Deve-se ressaltar ainda o esforço de boa parte dos demais entes federados e dos
prestadores de serviços de saneamento."
Rondônia coleta apenas 3,5% do esgoto produzido, segundo pesquisa

Índice na capital é ainda pior, apenas 2% do esgoto é captado.


Em 2014, apenas 41,01% da população de Rondônia possuía água tratada.

Porto Velho possui apenas 2% de coleta de esgoto, diz estudo realizado este ano (Foto:
Hosana Morais/G1)

O estado de Rondônia coleta apenas 3,5% do esgoto produzido pela população, segundo o
estudo de Saneamento Básico de Rondônia realizado pelo Instituto Trata Brasil em 15
municípios do estado. O índice é ainda pior em Porto Velho, onde apenas 2% é captado; todo o
resíduo da capital é descartado in natura no Rio Madeira. A pesquisa aponta ainda um dado
preocupante, em 2007 apenas 58,1% da população do estado possuía acesso a água tratada, já
em 2014 o número caiu para 41,01%.

A presidente da Companhia da Água e Esgoto de Rondônia (Caerd), Iacira Azamor, reconhece


que a capital ainda é deficitária em saneamento básico. "O esgoto realmente não é tratado e
acaba sendo jogado in natura no Rio Madeira. Mas a partir de setembro iniciarão as obras das
Estações de Tratamento de Esgoto e ao fim da construção, 50% do esgoto já estará sendo
tratado em Porto Velho", explica.

O estudo "Saneamento Básico de Rondônia: Deficiência no acesso a água tratada e esgotos nas
maiores cidades são críticos para a saúde de todos" foi apresentado pelo Instituto Trata Brasil
na manhã desta quarta-feira (10) no auditório do Ministério Público (MP) em Porto Velho.
De acordo com a pesquisadora do instituto, Aline Baldez, o estudo iniciou há seis meses e
analisou dados do Ministério das Cidades entre 2007 e 2014. Segundo Baldez, Porto Velho não
possui um plano de saneamento básico apresentado à sociedade.

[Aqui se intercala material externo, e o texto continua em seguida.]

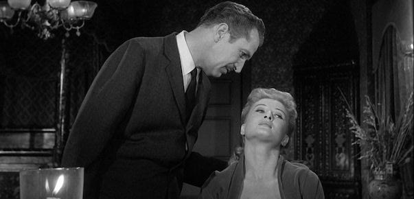 The movie in not really a supernatural or ghost story, rather it’s an elaborate mystery in which Price’s Frederick Loren outwits his wife, Annabelle (Carol Ohmart) and her lover, Dr. David Trent (Alan Marshal), who are planning to have him killed by one of the other guests.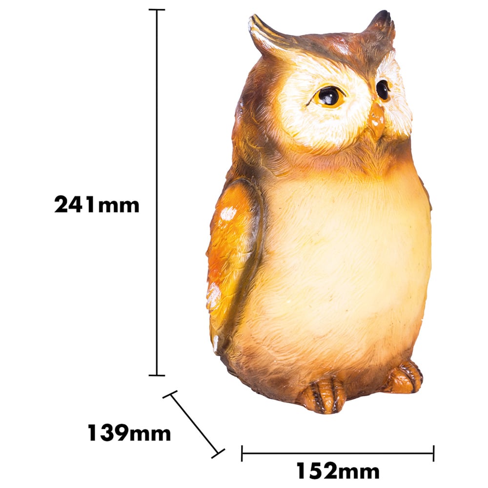 Brighten up your garden and lawn at night with St Helens Female Light Up Owl. Hattie and Ophelia are beautiful and quirky solar garden ornaments that charges up during the day by absorbing sunlight. Painted in beautiful, vibrant colours - it enhances the look of any garden whether it be day or night. Made from durable resin - it is waterproof and withstands harsh weather when placed outdoors.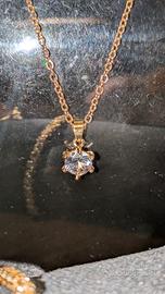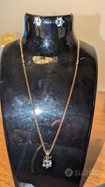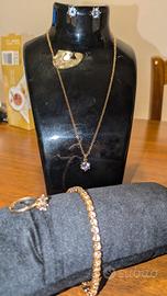 Elegante parure di gioielli in acciaio placcato oro e scintillanti zirconi,composta da collana punto luce, anello solitario regolabile, braccialetto tennis ed orecchini. Anallergico.Compreso cofanetto regalo. Alta bigiotteria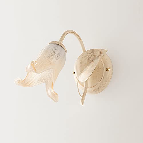 Applique Classico 1 Luce Foglie in Ferro Battuto Vetro Avorio e Oro Serie Limone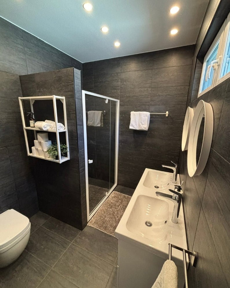 Az ingatlan minden részlete a kényelem és a biztonság szolgálatában áll. Az elektromos, alumínium redőnyök nemcsak a nyári meleg ellen védenek, hanem fokozzák a hőszigetelést is, és biztosítják a privát szférát. A hálószobában inverteres klímák gondoskodnak a kívánt hőmérsékletről, a légszűrők pedig megszűrik a port és a pollent, hogy Ön mindig tiszta, friss levegőben pihenhessen.

"Apenas as cidades de Ariquemes, Pimenta Bueno, Ji-Paraná, Rolim de Moura, São Miguel do
Guaporé, Nova Mamoré e Espigão d'Oeste possuem um plano de coleta de esgoto e água
tratada, o que apontou que apenas 2% do esgoto de Porto Velho é tratado, tornando a cidade a
penúltima no ranking das 100 maiores cidades do país. Ou seja, a probabilidade de doenças
chegarem a população é grande", explica Baldez.

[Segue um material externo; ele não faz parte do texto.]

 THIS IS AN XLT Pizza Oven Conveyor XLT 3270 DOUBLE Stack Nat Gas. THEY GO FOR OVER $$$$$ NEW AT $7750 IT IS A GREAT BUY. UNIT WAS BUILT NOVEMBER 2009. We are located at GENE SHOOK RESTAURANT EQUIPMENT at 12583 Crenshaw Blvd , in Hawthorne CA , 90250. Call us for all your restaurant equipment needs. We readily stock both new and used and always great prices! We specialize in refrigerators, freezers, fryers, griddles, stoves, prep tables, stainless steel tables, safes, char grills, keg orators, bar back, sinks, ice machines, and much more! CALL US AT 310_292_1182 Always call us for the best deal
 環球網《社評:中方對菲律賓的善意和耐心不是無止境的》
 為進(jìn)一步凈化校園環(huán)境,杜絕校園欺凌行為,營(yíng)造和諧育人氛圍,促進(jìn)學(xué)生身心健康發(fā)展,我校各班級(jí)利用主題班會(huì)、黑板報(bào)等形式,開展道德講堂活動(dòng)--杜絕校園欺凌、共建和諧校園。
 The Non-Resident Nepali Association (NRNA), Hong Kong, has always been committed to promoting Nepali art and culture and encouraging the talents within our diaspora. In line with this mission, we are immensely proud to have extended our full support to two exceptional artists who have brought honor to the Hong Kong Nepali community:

Caerd afirmou que esgoto é jogado in natura no Rio Madeira (Foto: Hosana Morais/G1)

As principais doenças causadas pela falta de saneamento básico são diarréia, dengue e
leptospirose. Em 2014, foram registrados 134 casos de leptospirose, doença causada pela urina
do rato, devido a cheia histórica do Rio Madeira que fez com que mais pessoas entrassem em
contato com a água contaminada; duas pessoas morreram da doença.

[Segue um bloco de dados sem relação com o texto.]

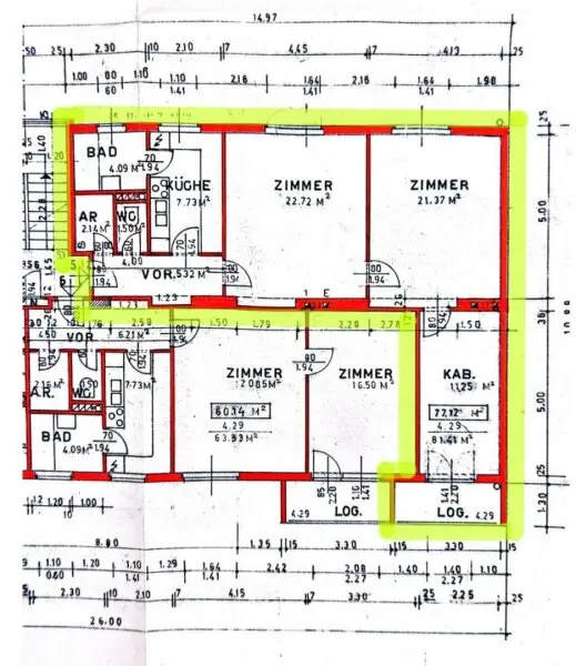 Neben der Küche, dem Bad, der separaten Toilette und einem Abstellraum bietet die Wohnung auf ca. 76 m² Wohnfläche zwei Wohnräume und ein Kabinett. Weiters eine 4,3 m² große, vollverglaste, südostseitig ausgerichtete Loggia. Diese ist über das Kabinett erreichbar.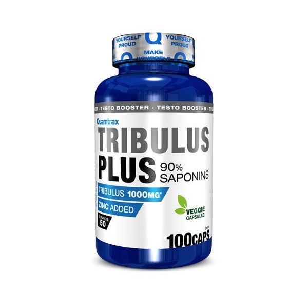 Tribulus Plus de Quamtrax Nutrition es un suplemento en cápsulas que proporciona 500 mg de extracto de tribulus terrestris (90% de saponinas) potenciado con zinc por dosis de 1 cápsula.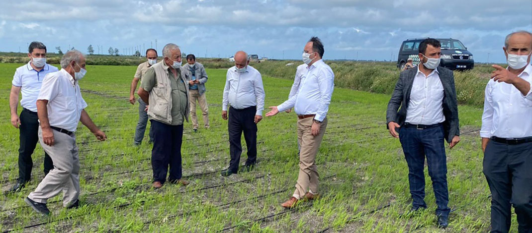 Bafra Kaymakamı Cevdet Ertürkmen, beraberindeki heyetle birlikte, İlçemize bağlı Doğanca Mahallesinde Damlama Sulama sistemi ile 110 dekar alanda çeltik ekimi yapan Adnan ve Halil Koparan kardeşlere ait çeltik tarlalarında incelemelerde bulundu.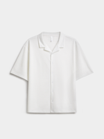 Elevate your wardrobe with this versatile white textured knit shirt from Exact. It features a classic collar, short sleeves, and a button-up design. Pair with shorts or chinos for a stylish look.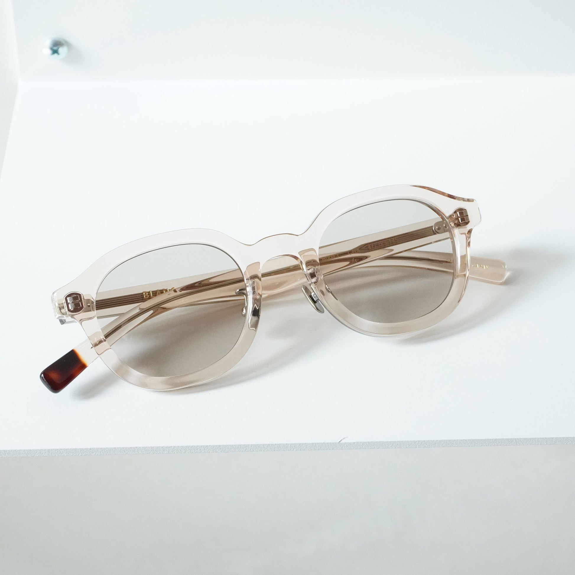 眼鏡の製造において国内 90% 以上のシェアを誇る福井県鯖江市で、ひとつひとつのパーツの精度にこだわりながら日本の職人による細やかな手作業によって生産されている。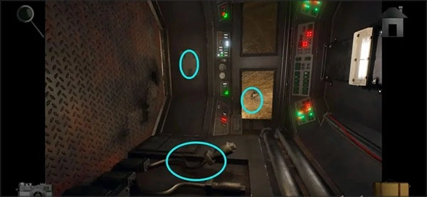 5、用钥匙打开区域左边的储藏室,进入后观察墙上的提示并拿走桌子上的「断线钳」。接着点击左边的机关,转动轮盘降下锁链。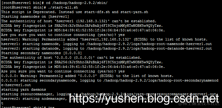 [root@hserver1bin]# cd /opt/hadoop/hadoop-2.9.0/sbin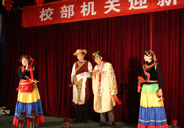 学生处、资产处、人事处、现代教育中心、校工会等十余个单位的工作人员在联欢会上表演了舞蹈、独唱、三句半、小合唱、配乐朗诵、小品和京剧等各具特色的文艺节目。

Segundo o estudo, dentro das cidades estudadas, a que possui melhores dados de saneamento
básico é Cacoal. "Essa cidade possui 42% de água tratada e 25% do esgoto coletado, o restante é
jogado ao ar livre. São números pequenos, mas já faz uma diferença. Vilhena possui 97,9% de
água tratada, ou seja, quase toda a população tem acesso à água potável", relata Baldez.

Outro ponto alarmante que o estudo mostra é sobre a quantidade de desperdício de água; em
Porto Velho, a cada mil litros de água que sai da estação de tratamento, apenas 300 chegam as
casas, de acordo com o estudo.
A pesquisa irá apontar ainda, recomendações para os gestores do saneamento no estado como as
prefeituras, o governo do estado, o MP e a Caerd para que medidas sejam tomadas e a
população tenha acesso a uma água e coleta de esgoto.

Participaram do estudo os municípios: Alta Floresta do Oeste, Ariquemes, Cacoal, Espigão


D’Oeste, Guajará-Mirim, Jaru, Ji-Paraná, Machadinho D’Oeste, Nova Mamoré, Ouro Preto do
Oeste, Pimenta Bueno, Porto Velho, Rolim de Moura, São Miguel do Guaporé e Vilhena, 12
dos 15 municípios são operados pela Caerd os demais são de outra empresa.